La sigla Brokeback è un progetto a due: i tizi in questione sono nientepocodimeno che Douglas McCombs e Noel Kupersmith, entrambi degni di un curriculum per nulla indifferente.
La lista comprende Tortoise, Eleventh Dream Day e Chicago Underground duo, e quando si passa alle guest dell’occasione compaiono prima membri dei sopracitati ensemble (dice niente John McEntire?) e poi, a tinte dolci, le voci di Mary Hansen e Laetitia Sadier degli Stereolab.
La natura di progetto aperto ha reso sempre più policromo e variegato il modo di comporre: dopo la pubblicazione di due album in cui la responsabilità compositiva rimaneva ben salda nella mani di McCombs, i contributi creativi si sono moltiplicati concedendo ampi ventagli da sfruttare.

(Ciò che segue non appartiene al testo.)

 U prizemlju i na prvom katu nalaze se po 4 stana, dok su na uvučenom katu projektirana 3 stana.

Il filo conduttore sembra affidarsi ad un approccio insieme minimale eppure sfaccettato, costruito sulla perizia del cesello, combinando i tasselli.

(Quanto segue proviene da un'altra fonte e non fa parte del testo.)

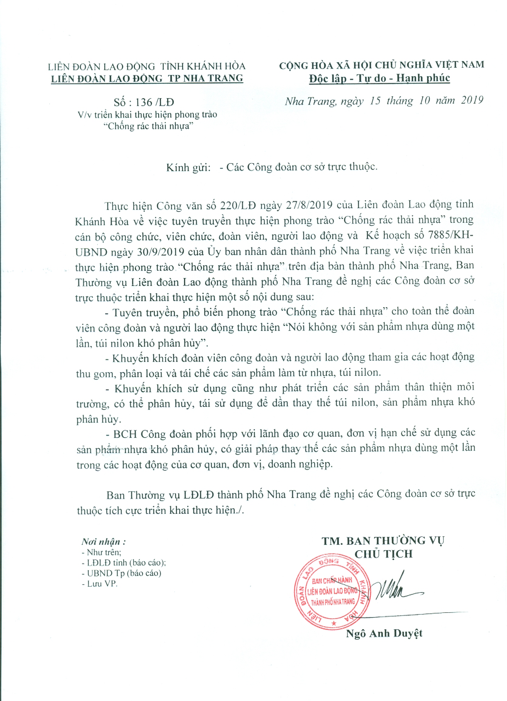 V/v triển khai thực hiện phong trào "Chống rác thải nhựa"

Gli organi e le delicatezze percussive trascinano in modo lento e avvolgente, come in “The suspension bridge at Iguazù falls”. Nel sottile crescendo glitch di “The wind-up bird” affiorano originali, studiate propensioni ambient. L’equilibrio dell’amalgama conserva un profilo semitonale, preferendo insinuarsi nei dettagli piuttosto che sciorinare facili melodie. Non è un disco di fragori, né di rumori: preferisce il gusto dell’incanto, affidandosi alla voce suadente di Mary Hansen.
“In the reeds” scivola sulle sue corde, cullate dall’organo di Aky Tsuyuko. I fili struggenti della sua voce riempiono le ampie volte lasciate dai bassi in equilibrio con percussioni ben coordinate, nella densità di “Name’s Winston, friends call me James”, resa perfettamente incantata dal controcanto di Laetitia.
Il corno di Rob Mazurek, ennesimo pezzo del puzzle sonoro e già membro del Chicago Underground Duo insieme al batterista Chad Taylor, chiude con “Pearl’s dream”, insieme alle ultime, eteree desolazioni vocali della Hansen, tristemente scomparsa da lì a poco.